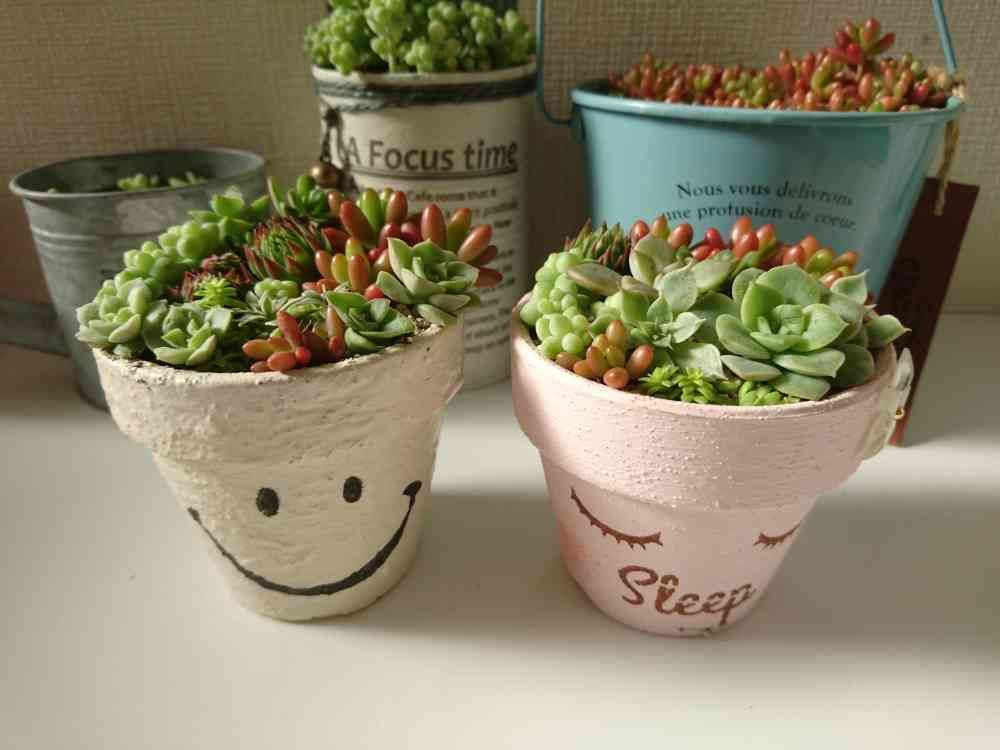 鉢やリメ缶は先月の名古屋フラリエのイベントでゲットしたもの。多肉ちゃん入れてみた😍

* * *

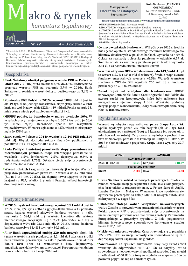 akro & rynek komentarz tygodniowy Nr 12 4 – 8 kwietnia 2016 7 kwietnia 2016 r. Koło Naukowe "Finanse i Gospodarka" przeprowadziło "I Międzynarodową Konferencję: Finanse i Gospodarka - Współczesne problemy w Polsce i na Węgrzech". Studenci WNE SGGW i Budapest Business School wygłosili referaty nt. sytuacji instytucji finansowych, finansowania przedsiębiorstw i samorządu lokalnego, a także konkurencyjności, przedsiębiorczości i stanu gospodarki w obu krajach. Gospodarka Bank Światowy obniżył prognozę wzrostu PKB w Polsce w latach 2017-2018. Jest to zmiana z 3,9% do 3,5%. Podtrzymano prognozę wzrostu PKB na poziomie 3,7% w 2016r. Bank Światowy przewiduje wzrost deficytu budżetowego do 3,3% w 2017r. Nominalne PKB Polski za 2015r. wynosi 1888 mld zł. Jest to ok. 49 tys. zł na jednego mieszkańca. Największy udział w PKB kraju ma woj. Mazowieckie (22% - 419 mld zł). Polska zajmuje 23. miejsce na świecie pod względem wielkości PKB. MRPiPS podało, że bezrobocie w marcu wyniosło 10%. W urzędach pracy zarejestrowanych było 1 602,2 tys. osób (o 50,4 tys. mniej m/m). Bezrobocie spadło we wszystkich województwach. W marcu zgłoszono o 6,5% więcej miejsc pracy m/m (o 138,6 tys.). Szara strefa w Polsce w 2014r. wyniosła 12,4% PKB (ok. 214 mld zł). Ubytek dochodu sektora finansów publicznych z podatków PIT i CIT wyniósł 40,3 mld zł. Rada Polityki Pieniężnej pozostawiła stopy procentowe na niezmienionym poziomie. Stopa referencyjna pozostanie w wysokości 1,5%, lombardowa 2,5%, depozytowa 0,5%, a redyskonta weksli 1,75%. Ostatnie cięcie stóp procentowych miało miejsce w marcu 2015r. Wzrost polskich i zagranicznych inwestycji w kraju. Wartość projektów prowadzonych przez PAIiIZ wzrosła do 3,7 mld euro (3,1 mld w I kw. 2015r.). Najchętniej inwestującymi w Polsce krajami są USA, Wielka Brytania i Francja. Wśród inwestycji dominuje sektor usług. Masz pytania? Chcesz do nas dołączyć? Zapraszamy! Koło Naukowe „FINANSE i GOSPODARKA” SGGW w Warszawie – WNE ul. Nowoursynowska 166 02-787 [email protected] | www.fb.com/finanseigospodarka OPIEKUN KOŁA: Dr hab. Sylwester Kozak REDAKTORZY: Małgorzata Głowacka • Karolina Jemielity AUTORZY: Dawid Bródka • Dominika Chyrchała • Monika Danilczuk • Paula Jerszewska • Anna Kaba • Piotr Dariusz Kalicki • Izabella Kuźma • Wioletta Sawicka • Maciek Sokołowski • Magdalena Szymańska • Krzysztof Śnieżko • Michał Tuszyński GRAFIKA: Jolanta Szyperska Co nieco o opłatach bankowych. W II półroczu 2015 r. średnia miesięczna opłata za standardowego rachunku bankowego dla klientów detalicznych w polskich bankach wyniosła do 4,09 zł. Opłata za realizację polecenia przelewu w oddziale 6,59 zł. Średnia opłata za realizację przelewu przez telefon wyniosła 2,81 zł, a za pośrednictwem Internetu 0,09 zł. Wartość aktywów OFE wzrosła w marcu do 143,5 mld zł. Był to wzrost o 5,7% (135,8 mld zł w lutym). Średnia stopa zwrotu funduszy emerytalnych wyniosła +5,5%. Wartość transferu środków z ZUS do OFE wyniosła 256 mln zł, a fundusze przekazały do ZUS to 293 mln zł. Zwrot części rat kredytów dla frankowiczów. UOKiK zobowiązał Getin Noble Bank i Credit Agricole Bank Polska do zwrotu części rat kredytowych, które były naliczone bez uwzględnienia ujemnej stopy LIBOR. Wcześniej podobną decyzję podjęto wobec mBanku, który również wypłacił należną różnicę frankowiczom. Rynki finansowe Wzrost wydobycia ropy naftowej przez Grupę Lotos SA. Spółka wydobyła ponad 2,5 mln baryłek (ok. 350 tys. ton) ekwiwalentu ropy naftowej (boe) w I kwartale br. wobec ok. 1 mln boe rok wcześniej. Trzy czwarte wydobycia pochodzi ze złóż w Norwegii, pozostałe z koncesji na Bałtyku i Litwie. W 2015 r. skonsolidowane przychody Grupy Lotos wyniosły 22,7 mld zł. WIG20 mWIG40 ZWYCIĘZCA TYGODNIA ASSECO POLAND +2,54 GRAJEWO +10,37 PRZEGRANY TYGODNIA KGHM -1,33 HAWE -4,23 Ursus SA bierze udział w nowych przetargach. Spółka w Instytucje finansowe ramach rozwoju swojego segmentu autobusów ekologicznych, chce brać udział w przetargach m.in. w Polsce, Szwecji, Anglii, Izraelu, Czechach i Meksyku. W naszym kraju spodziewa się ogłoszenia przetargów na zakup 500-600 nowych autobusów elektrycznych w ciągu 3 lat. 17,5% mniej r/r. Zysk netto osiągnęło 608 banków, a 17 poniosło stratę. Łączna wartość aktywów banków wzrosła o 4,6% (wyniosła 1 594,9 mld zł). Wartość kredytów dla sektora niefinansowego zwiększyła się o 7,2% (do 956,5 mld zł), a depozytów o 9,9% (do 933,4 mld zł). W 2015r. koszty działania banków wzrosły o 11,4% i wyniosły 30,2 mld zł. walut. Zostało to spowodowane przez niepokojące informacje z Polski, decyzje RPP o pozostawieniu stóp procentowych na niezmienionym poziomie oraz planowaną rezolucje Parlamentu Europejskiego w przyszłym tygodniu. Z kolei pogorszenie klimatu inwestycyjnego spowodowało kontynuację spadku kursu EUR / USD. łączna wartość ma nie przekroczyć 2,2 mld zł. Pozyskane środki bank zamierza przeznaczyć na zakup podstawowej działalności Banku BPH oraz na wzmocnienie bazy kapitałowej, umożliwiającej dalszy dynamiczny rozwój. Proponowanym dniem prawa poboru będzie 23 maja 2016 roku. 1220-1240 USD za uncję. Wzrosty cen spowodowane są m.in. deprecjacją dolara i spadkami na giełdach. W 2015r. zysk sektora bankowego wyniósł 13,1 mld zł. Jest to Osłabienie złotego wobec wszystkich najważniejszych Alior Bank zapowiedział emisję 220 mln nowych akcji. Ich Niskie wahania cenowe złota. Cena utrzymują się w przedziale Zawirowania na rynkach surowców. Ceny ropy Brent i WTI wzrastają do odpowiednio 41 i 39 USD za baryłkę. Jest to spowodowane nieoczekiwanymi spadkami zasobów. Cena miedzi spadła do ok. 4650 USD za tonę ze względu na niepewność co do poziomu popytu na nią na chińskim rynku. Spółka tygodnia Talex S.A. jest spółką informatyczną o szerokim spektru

--

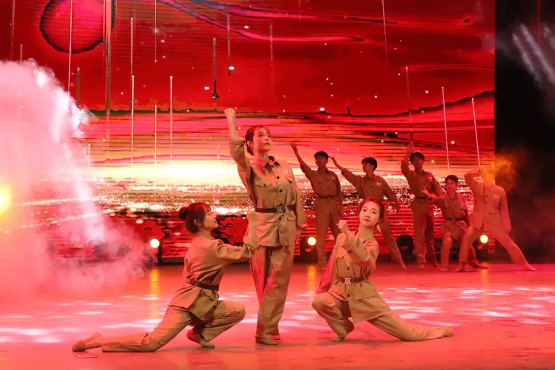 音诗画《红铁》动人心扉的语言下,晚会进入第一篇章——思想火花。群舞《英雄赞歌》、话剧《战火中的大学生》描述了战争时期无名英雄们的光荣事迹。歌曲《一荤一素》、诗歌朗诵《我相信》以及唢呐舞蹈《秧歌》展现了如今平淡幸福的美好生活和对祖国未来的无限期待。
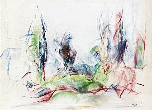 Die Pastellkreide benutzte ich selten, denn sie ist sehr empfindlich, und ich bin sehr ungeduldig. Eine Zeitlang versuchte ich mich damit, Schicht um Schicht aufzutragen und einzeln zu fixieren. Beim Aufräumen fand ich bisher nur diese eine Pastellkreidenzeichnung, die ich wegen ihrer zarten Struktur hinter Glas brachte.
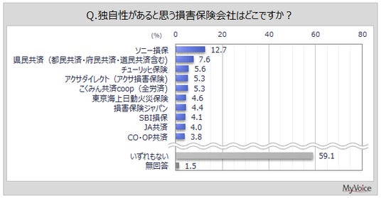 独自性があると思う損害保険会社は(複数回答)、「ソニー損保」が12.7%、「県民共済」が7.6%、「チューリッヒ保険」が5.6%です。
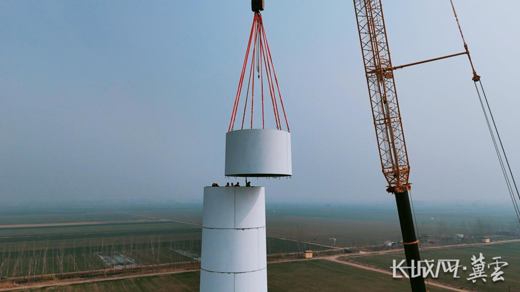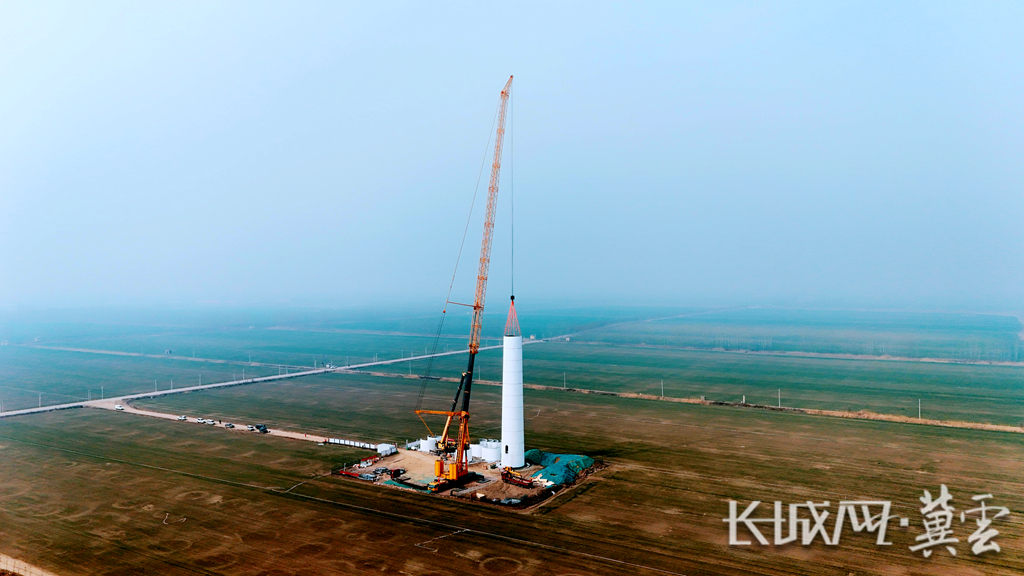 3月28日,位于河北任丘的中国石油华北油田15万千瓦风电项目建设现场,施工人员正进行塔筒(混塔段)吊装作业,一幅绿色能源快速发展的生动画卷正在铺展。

PROMPT
"独自性があると思う損害保険会" marks the first line to copy, and "3月28日,位于河北任丘的中" marks the last. Repeat that stretch above exactly, with no pictures.

ANSWER TO THE PROBLEM
 独自性があると思う損害保険会社は(複数回答)、「ソニー損保」が12.7%、「県民共済」が7.6%、「チューリッヒ保険」が5.6%です。
 3月28日,位于河北任丘的中国石油华北油田15万千瓦风电项目建设现场,施工人员正进行塔筒(混塔段)吊装作业,一幅绿色能源快速发展的生动画卷正在铺展。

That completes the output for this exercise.